● **ABOUT THIS EXERCISE**
Give the data again exactly, without its images.

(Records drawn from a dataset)
=== Begin Enclosure ===

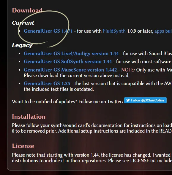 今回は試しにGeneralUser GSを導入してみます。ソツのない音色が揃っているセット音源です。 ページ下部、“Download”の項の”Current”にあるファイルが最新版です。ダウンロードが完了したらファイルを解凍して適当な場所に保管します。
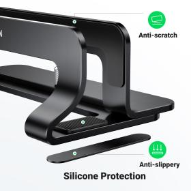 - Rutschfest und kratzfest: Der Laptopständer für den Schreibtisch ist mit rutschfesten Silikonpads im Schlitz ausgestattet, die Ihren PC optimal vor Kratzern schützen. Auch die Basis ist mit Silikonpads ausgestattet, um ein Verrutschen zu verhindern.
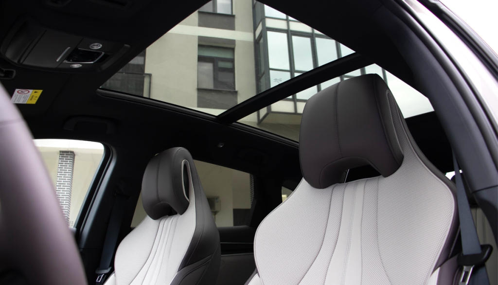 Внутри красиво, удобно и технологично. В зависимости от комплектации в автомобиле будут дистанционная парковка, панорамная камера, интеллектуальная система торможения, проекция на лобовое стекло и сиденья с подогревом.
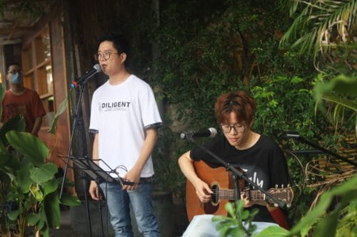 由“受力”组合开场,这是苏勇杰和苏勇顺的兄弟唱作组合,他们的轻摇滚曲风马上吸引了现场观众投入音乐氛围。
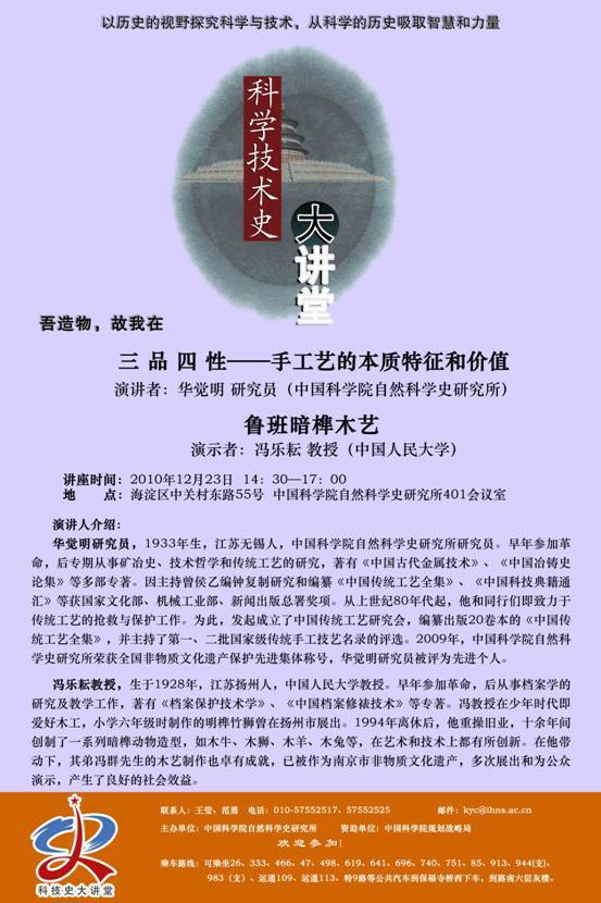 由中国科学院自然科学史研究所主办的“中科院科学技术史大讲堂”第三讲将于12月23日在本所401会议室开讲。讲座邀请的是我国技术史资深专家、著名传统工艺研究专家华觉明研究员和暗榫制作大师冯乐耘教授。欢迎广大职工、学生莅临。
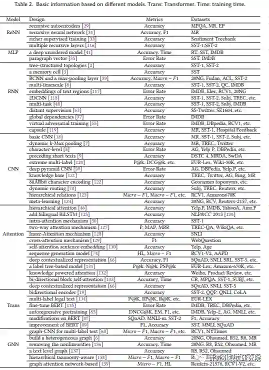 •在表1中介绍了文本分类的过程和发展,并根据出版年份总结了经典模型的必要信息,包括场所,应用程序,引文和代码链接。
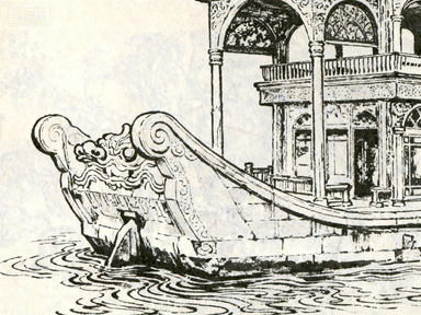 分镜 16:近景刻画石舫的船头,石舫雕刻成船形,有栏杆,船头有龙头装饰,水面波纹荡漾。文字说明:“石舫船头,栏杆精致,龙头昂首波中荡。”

=== End Enclosure ===

● **SOLUTION TO THIS PROBLEM**
 今回は試しにGeneralUser GSを導入してみます。ソツのない音色が揃っているセット音源です。 ページ下部、“Download”の項の”Current”にあるファイルが最新版です。ダウンロードが完了したらファイルを解凍して適当な場所に保管します。
 - Rutschfest und kratzfest: Der Laptopständer für den Schreibtisch ist mit rutschfesten Silikonpads im Schlitz ausgestattet, die Ihren PC optimal vor Kratzern schützen. Auch die Basis ist mit Silikonpads ausgestattet, um ein Verrutschen zu verhindern.
 Внутри красиво, удобно и технологично. В зависимости от комплектации в автомобиле будут дистанционная парковка, панорамная камера, интеллектуальная система торможения, проекция на лобовое стекло и сиденья с подогревом.
 由“受力”组合开场,这是苏勇杰和苏勇顺的兄弟唱作组合,他们的轻摇滚曲风马上吸引了现场观众投入音乐氛围。
 由中国科学院自然科学史研究所主办的“中科院科学技术史大讲堂”第三讲将于12月23日在本所401会议室开讲。讲座邀请的是我国技术史资深专家、著名传统工艺研究专家华觉明研究员和暗榫制作大师冯乐耘教授。欢迎广大职工、学生莅临。
 •在表1中介绍了文本分类的过程和发展,并根据出版年份总结了经典模型的必要信息,包括场所,应用程序,引文和代码链接。
 分镜 16:近景刻画石舫的船头,石舫雕刻成船形,有栏杆,船头有龙头装饰,水面波纹荡漾。文字说明:“石舫船头,栏杆精致,龙头昂首波中荡。”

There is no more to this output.